I've integrated a few different LLM providers into production apps, and the Anthropic Claude API is consistently the one I find easiest to reason about. The whole thing is built around a single endpoint — the Messages API — and almost everything else (tools, streaming, caching, structured output) is a feature of that one endpoint rather than a separate API to learn.

This post is a practical on-ramp. I'll use the official @anthropic-ai/sdk (TypeScript/JavaScript) throughout, because that's what most of my work is in, but the shapes map directly to the Python SDK if that's your stack. By the end you'll understand the request model, how to hold a conversation, how to stream, how tool use works, and how to keep your app from falling over on errors and rate limits.

What the Messages API is

At its core, the Claude API has one job: you send a list of messages, and it returns the next message. That's it. A message has a role (user or assistant) and content. You build up a conversation by appending to the list and sending it back.

The API is stateless. Claude doesn't remember anything between requests — you hold the conversation history and resend it each time. This feels like extra work at first, but it's actually liberating: you have complete control over what context the model sees on every turn.

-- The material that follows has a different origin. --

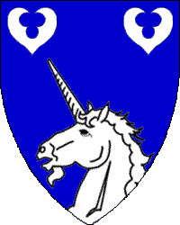 Azure, a unicorn's head issuant from base and in chief two seeblätter argent

Three parameters are required on every request: model (which Claude model to use), max_tokens (the ceiling on the response length), and messages (the conversation so far).

Setting up the SDK

Install it:

bash

npm install @anthropic-ai/sdk

Then create a client. The SDK reads your API key from the ANTHROPIC_API_KEY environment variable by default — don't hardcode it:

import Anthropic from '@anthropic-ai/sdk';

const client = new Anthropic();
// Equivalent to: new Anthropic({ apiKey: process.env.ANTHROPIC_API_KEY })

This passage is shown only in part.